This disclosure is generally directed to the evaluation of ad break markers in media content, and more particularly to systems and methods for classifying and optimizing ad break placement using closed caption analysis, scene transition detection, sentiment evaluation, and policy-based constraints.
Provided herein are system, apparatus, article of manufacture, method and/or computer program product embodiments, and/or combinations and sub-combinations thereof, for evaluating, classifying, and selecting ad break markers.
Provided herein are system, apparatus, article of manufacture, method and/or computer program product embodiments, and/or combinations and sub-combinations thereof, for evaluating and classifying ad break markers in streaming media content using closed caption data. In some aspects, a computer-implemented method is provided for analyzing semantic and structural characteristics of media content to determine whether ad break markers are suitably positioned for content interruption.
The method can operate by receiving a media stream comprising audio data and video data, wherein the media stream includes at least one ad break marker. The method can further include obtaining closed caption data corresponding to the media stream. The method can also include determining a classification for the at least one ad break marker based on the closed caption data. In some aspects, the classification may reflect the alignment of the ad break marker with sentence boundaries, dialog boundaries, or other linguistic features extracted from the captions.
In some aspects, a system is provided for classifying ad break markers using a caption analysis pipeline. The system can include one or more memories and at least one processor coupled to at least one of the one or more memories and configured to: receive a media stream comprising audio data and video data, wherein the media stream includes at least one ad break marker; obtain closed caption data corresponding to the media stream; and determine a classification for the at least one ad break marker based on the closed caption data.
In some aspects, a non-transitory computer-readable medium is provided for classifying ad break markers using closed caption analysis. The non-transitory computer-readable medium can have instructions stored thereon that, when executed by at least one computing device, cause the computing device to: receive a media stream comprising audio data and video data, wherein the media stream includes at least one ad break marker; obtain closed caption data corresponding to the media stream; and determine a classification for the at least one ad break marker based on the closed caption data.
In the drawings, like reference numbers generally indicate identical or similar elements. Additionally, generally, the left-most digit(s) of a reference number identifies the drawing in which the reference number first appears.
Users can generally access and consume streaming video content using a wide variety of client devices, including, for example and without limitation, smart TVs, mobile phones, tablets, desktop computers, set-top boxes, laptops, game consoles, smart speakers, and other Internet-connected media playback devices. The video content can include live television broadcasts, recorded video-on-demand (VOD) assets, short-form social videos, episodic series, movies, or other audiovisual experiences. In some cases, the video content may include dynamically inserted advertisements or interstitial promotional material. Advertisements may be selected based on targeting criteria and inserted into the stream at predefined cue points, which correspond to ad break markers embedded in or associated with the media stream.
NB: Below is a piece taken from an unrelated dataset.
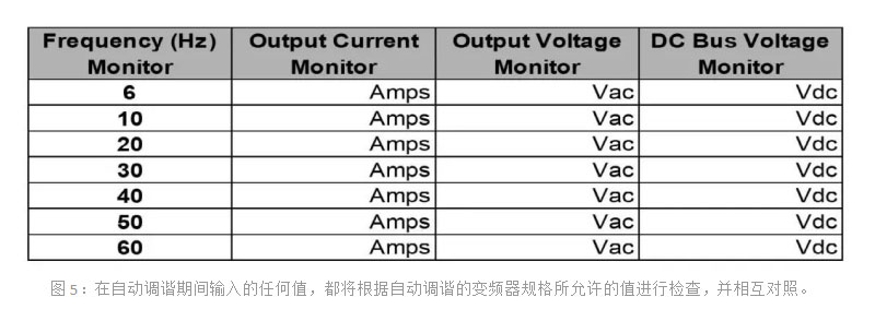 4. 执行调谐前和调谐后测量也可能有所帮助。尝试使用变频器的内置监控显示器来完成一个包含前后监控值的表格。如果用户成功地利用出厂默认设置进行自动调谐,则除直流母线电压外,后调谐中的所有变频器值都将低于预调谐值,直流母线电压在稳定状态下基本保持恒定。

Ad break markers designate positions within the media stream where advertisements are intended to be inserted. These markers may be placed using third-party scheduling metadata, broadcaster-defined cues (e.g., SCTE-35 markers), or automatic content processing tools. However, the effectiveness and appropriateness of the placement can vary significantly depending on where the break is positioned relative to the content. Inserting an ad break at a poor location—such as in the middle of a sentence or during a moment of emotional intensity—can disrupt the narrative flow, degrade user experience, and reduce the effectiveness of both the surrounding content and the ad itself. Conversely, inserting an ad break at a natural boundary—such as at the end of a sentence, a scene transition, or a speaker change—can preserve immersion and improve viewer tolerance for the interruption.
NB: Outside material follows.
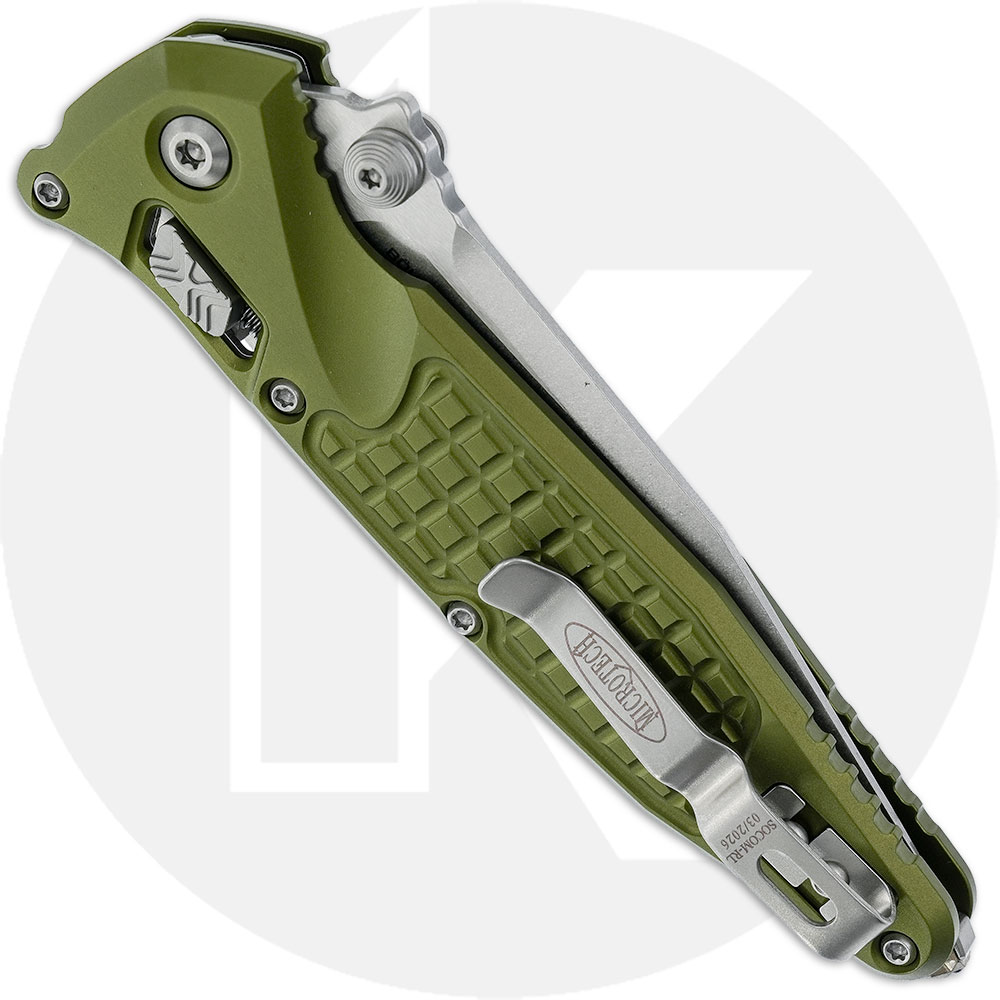 Introducing the Microtech Socom RAM-LOK™. This model features a spear point blade, 3.8-inches, has a stonewash finish and dual thumb studs for easy, ambidextrous opening. The handle, 5-inches, is made of OD green anodized Frag Pattern aluminum with a sturdy RAM-LOK™, side-to-side reversible deep-carry pocket clip, and a glass-breaker tip. Weighing in at 4.6 ounces, the Socom is perfect for EDC or as an addition to your collection. Made in the USA.

Historically, ad break markers have been placed using heuristic rules or manually configured templates, which may not account for the specific structural or semantic context of the media content. For example, a predefined break may be scheduled for a particular timestamp, but the surrounding content at that point may be emotionally sensitive, highly engaging, or otherwise unsuitable for interruption. Moreover, for content such as live sports, news broadcasts, or fast-paced reality programming, natural transitions may not align with scheduled ad breaks, leading to disruptive insertions.
While human editors may attempt to align ad breaks with suitable boundaries, relying on manual intervention does not scale well and introduces subjectivity and inconsistency. The problem is further compounded in multilingual or globally distributed environments, where differences in language, pacing, or viewer preferences make it difficult to define universally acceptable break points.
Provided herein are systems, devices, methods, and computer program product embodiments for classifying ad break markers based on closed caption analysis, content structure, and multimodal signals. In some aspects, the system can identify sentence boundaries, dialog transitions, and emotional tone based on the closed caption data, and use these features to score or classify the disruption potential of each ad break marker. Additional cues such as scene transitions, speaker diarization, overlapping speech, and sentiment clustering may be used to refine the classification. By analyzing these features, the system can determine whether a proposed ad break is poorly placed, acceptable, or suitable for adjustment. In some configurations, viewer engagement metrics, historical performance, or policy constraints may also be incorporated to guide break evaluation and refinement. As a result, the described techniques enable improved ad break classification and recommendation in both real-time and offline media workflows, reducing content disruption and enhancing viewer experience.
Various embodiments, examples, and aspects of this disclosure may be implemented using and/or may be part of a multimedia environmentshown in. It is noted, however, that multimedia environmentis provided solely for illustrative purposes and is not limiting. Examples and embodiments of this disclosure may be implemented using, and/or may be part of, environments different from and/or in addition to the multimedia environment, as will be appreciated by persons skilled in the relevant art(s) based on the teachings contained herein. An example of the multimedia environmentshall now be described.
illustrates a block diagram of a multimedia environment, according to some embodiments. In a non-limiting example, multimedia environmentmay be directed to streaming media. However, this disclosure is applicable to any type of media (instead of or in addition to streaming media), as well as any mechanism, means, protocol, method and/or process for distributing media.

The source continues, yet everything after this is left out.